00:42:01.440 This challenge hampers actions like event sourcing; however, message-oriented middleware enables us to offload work into highly decoupled microservices. This decoupling is beneficial for high availability, but it leaves us without a comprehensive system-wide state.

00:42:43.140 In summary, message-oriented middleware is built on queues and topics, which may complicate the system due to the involvement of asynchronous communication and lack of guarantees; yet it simplifies middleware by abstracting the complexity of message consumption.

00:43:34.440 This allows us to build straightforward concrete message consumers, making message-oriented middleware an effective solution for decoupled microservices but leaving behind the idea of a universal system state.

00:44:13.440 Event logs approach event messages differently, with Kafka as a prominent example. Events are persisted within an append-only log shared by all consumers, who can read from it at any time.

00:45:02.760 The stateless broker does not track event consumption and simplifies the architecture, but with this stateless broker and append-only writes, we achieve an incredible level of focus, great for high availability and well-suited for real-time applications and data streams.

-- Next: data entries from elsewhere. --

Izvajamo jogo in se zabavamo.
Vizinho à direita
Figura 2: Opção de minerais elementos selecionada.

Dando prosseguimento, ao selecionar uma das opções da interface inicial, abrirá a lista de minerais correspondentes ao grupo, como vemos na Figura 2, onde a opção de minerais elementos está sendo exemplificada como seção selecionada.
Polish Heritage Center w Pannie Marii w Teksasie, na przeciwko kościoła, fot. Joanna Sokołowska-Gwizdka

00:45:56.520 Events are not purged after processing, thus enabling us to replay the stream of events at will, which forms a solid foundation for event sourcing.

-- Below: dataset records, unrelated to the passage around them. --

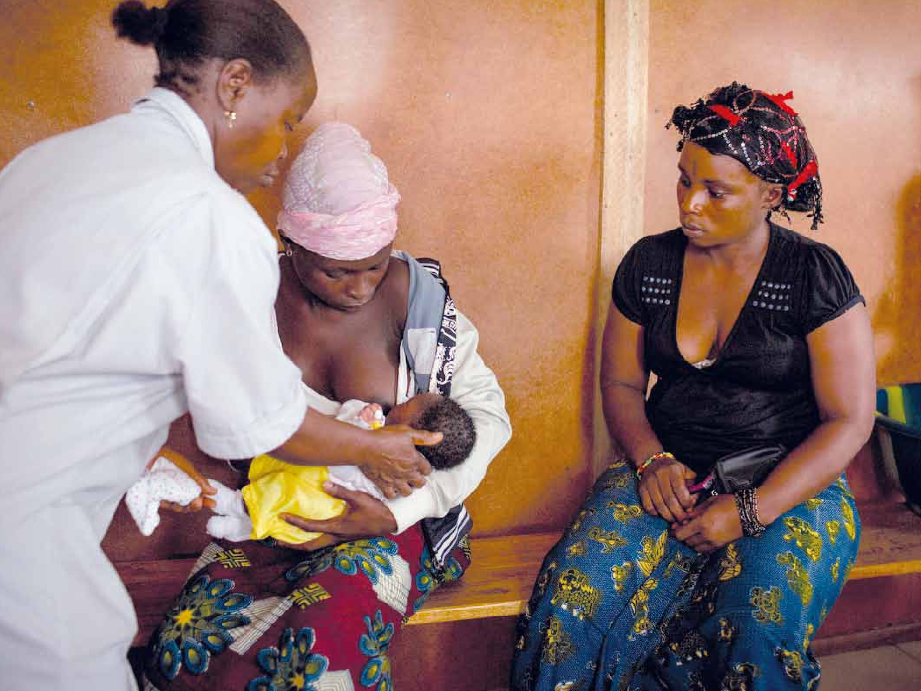
Sierra Leone: Hebammen beraten Frauen – ein wichtiger Schritt im Kampf gegen Aids
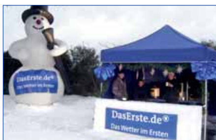
ARD Weihnachtswetter, Neuss
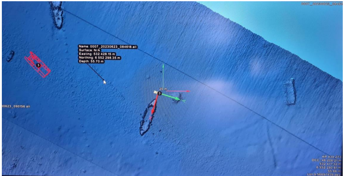
Fig 3 Skjerm bilde fra ROV inspeksjon. Underlagskartet er multibeam. Posisjonering av surveyfartøy (rødt) og ROV (hvit m grønn/rød pil). Vrak som sees i utsnittet er øverst til venstre en større stålboat/fraktefartøy, helt til venstre en ca. 20 f.t.. «kogg» / tresnekke, midt i bildet en kravellbygget trelekter, v/ grønn pil en lunse/stroppet tømmer og til høyre en kasseformet trelekter.

Kartleggingen med multibeam og ROV ble gjennomført på en dag. Etterarbeid besto av å konvertere posisjoner og legge disse inn i kulturminnebasen Askeladden. De av funnene som ligger inne i planområdet som var på høring er vist i figur 4.
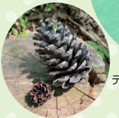
テーダマツの松ぼっくり
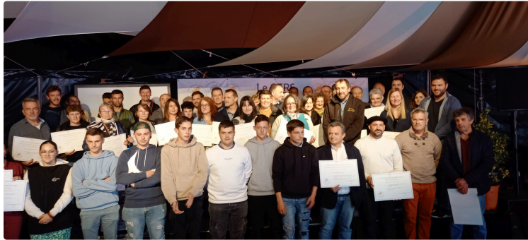
Les lauréats gersois du Concours général agricole mis à l'honneur

Une cérémonie de remise de diplômes initiée par la Chambre d'agriculture pour honorer producteurs et éleveurs
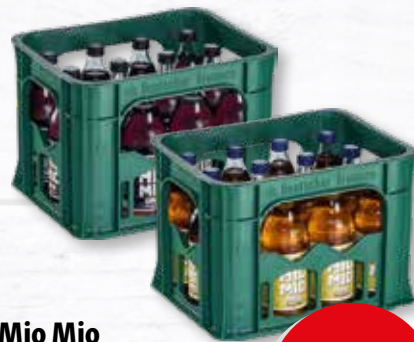
Mio Mio verschiedene Sorten teilweise koffeinhaltig 12 Glasflaschen à 0,5 Liter Kiste je (1 Liter = 1,33 €) zzgl. 3.30 € Pfand
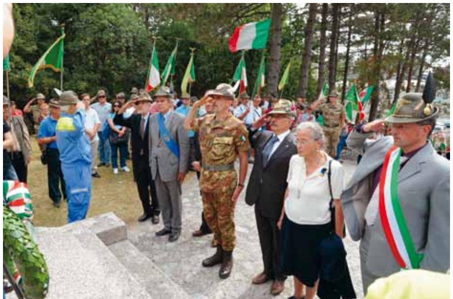
Onori ai Caduti

L'immane rancio alpino concludeva la giornata, favorita da un bel sole settembrino.
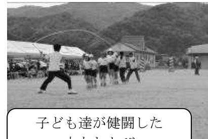
子ども達が健闘した 大なわとび

00:46:39.240 Event logs represent an excellent method of offloading work to microservices while concurrently maintaining the notion of a system-wide state.

00:47:39.840 To summarize, background jobs utilize queues and are a great fit for monolithic architectures. Message-oriented middleware employs topics and queues, thriving in decoupled microservices. In contrast, event logs utilize a shared log, lacking queues, providing significant advantages for event sourcing and high-throughput applications.

00:48:53.520 Shopify processes millions of Kafka messages per second. This is a recording of a Kafka-powered real-time visualization of Shopify merchants making sales during BF/CM 2020, with each particle representing a real order. Thank you for listening.